** EXERCISE GOAL **
Repeat each record below exactly, dropping the pictures.

(Entries taken from a collection)

· · ·

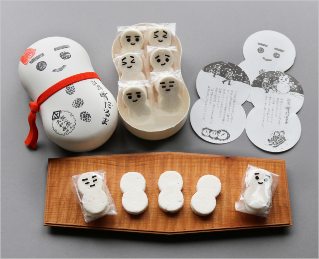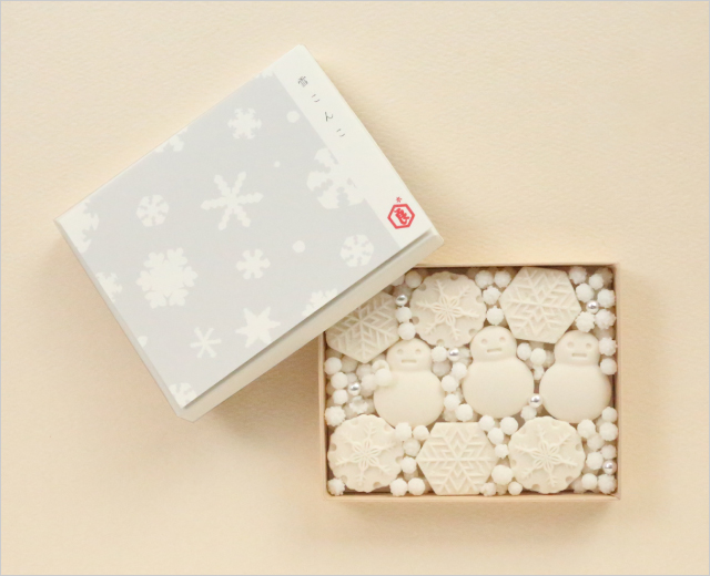 口感松软的雪人和雪的结晶是使用和三盆糖制作的温柔甜味的干点心。
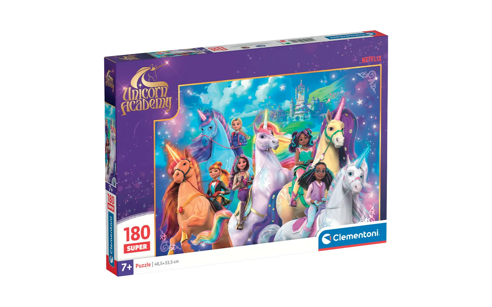 Sestavljanka z motivom Unicorn academy s 180 sestavnimi deli. Za otroke od 7. leta dalje.
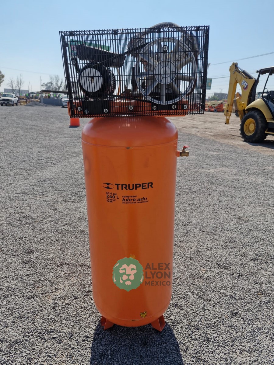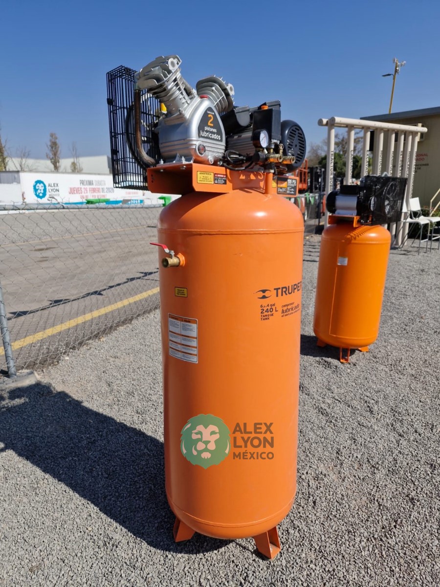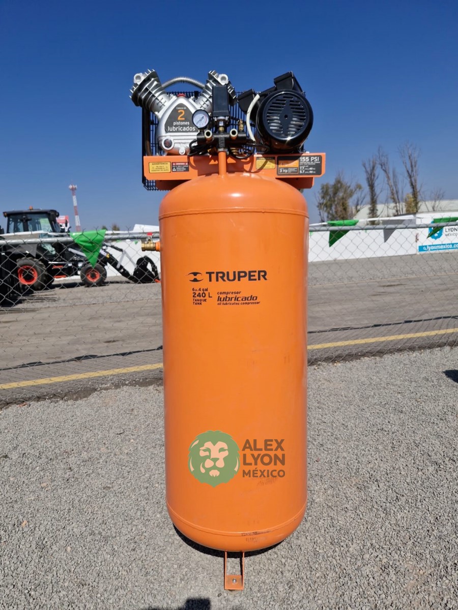 PRESION MAXIMA 155 PSI. TANQUE DE 240 LTS. / 63.4 GAL. 220 V. DE BANDA, MOTOR ELECTRICO CON BOBINAS DE COBRE, VALVULA DE DRENADO, 2 SALIDAS DE 1/4″ PARA MANGUERAS DE 1/4″, 3/8″ Y 1/2″, UNA SALIDA ROSCADA DE 3/4″ PARA MANGUERAS DE 3/4″, PROTECTOR DE SOBRECORRIENTE. (NUEVO)
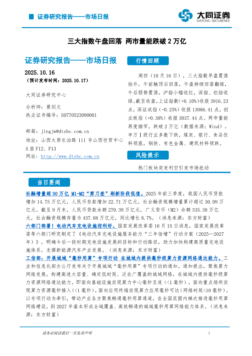 大同证券-市场日报:三大指数午盘回落,两市量能跌破2万亿-251016
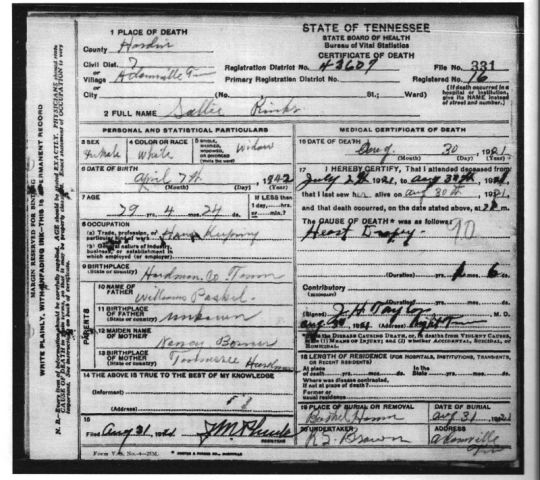 Sarah Rinks, death cert
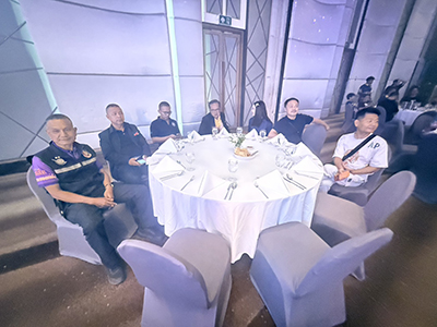 ภายในงานได้มีการจัดเลี้ยงอาหารค่ำ แบบบุฟเฟต์นานาชาติ มากมายหลายเมนู พร้อมเครื่องดื่ม ก่อนมีการจับรางวัลสร้างสีสัน โดยมี พ.ต.อ.เอนก สระทองอยู่ ผกก.สภ.เมืองพัทยา ร่วมให้การต้อนรับผู้เข้าร่วมงานด้วยความเป็นกันเอง พร้อมมีการแสดงดนตรีสร้างความสนุกสนาน และนายสุรัตน์ เมฆะวรากุล ประธานสภาวัฒนธรรมอำเภอบางละมุง ในฐานะผู้บริหารโรงแรม คอยอำนวยสะดวก
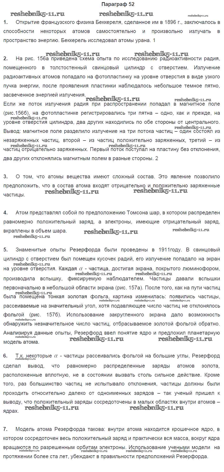 Готовая домашняя работа с ответами по Физике за 9 класс Перышкин, Гутник Учебник Дрофа 2014 ФГОС - Параграфы 52
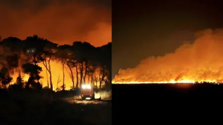 Μεγάλη φωτιά στο προστατευόμενο δάσος της Στροφυλιάς
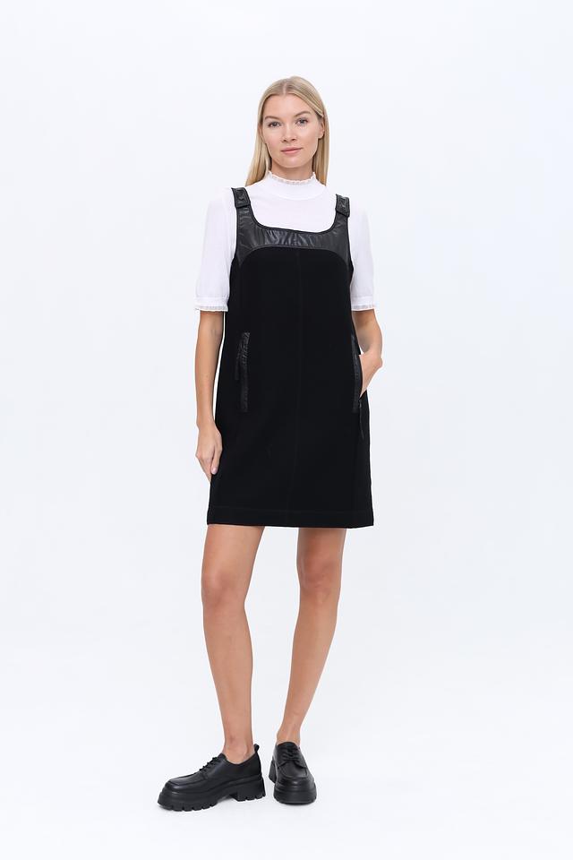 Особенностью модели являются вставки из чёрной кожи на лифе и по бокам, которые придают платью современный и стильный вид. Прямой крой и длина мини делают его подходящим для различных случаев – от повседневной носки до особых мероприятий.

· · ·

** WORKED SOLUTION **
 口感松软的雪人和雪的结晶是使用和三盆糖制作的温柔甜味的干点心。
 Sestavljanka z motivom Unicorn academy s 180 sestavnimi deli. Za otroke od 7. leta dalje.
 PRESION MAXIMA 155 PSI. TANQUE DE 240 LTS. / 63.4 GAL. 220 V. DE BANDA, MOTOR ELECTRICO CON BOBINAS DE COBRE, VALVULA DE DRENADO, 2 SALIDAS DE 1/4″ PARA MANGUERAS DE 1/4″, 3/8″ Y 1/2″, UNA SALIDA ROSCADA DE 3/4″ PARA MANGUERAS DE 3/4″, PROTECTOR DE SOBRECORRIENTE. (NUEVO)
 大同证券-市场日报:三大指数午盘回落,两市量能跌破2万亿-251016
 Sarah Rinks, death cert
 ภายในงานได้มีการจัดเลี้ยงอาหารค่ำ แบบบุฟเฟต์นานาชาติ มากมายหลายเมนู พร้อมเครื่องดื่ม ก่อนมีการจับรางวัลสร้างสีสัน โดยมี พ.ต.อ.เอนก สระทองอยู่ ผกก.สภ.เมืองพัทยา ร่วมให้การต้อนรับผู้เข้าร่วมงานด้วยความเป็นกันเอง พร้อมมีการแสดงดนตรีสร้างความสนุกสนาน และนายสุรัตน์ เมฆะวรากุล ประธานสภาวัฒนธรรมอำเภอบางละมุง ในฐานะผู้บริหารโรงแรม คอยอำนวยสะดวก
 Готовая домашняя работа с ответами по Физике за 9 класс Перышкин, Гутник Учебник Дрофа 2014 ФГОС - Параграфы 52
 Μεγάλη φωτιά στο προστατευόμενο δάσος της Στροφυλιάς
 Особенностью модели являются вставки из чёрной кожи на лифе и по бокам, которые придают платью современный и стильный вид. Прямой крой и длина мини делают его подходящим для различных случаев – от повседневной носки до особых мероприятий.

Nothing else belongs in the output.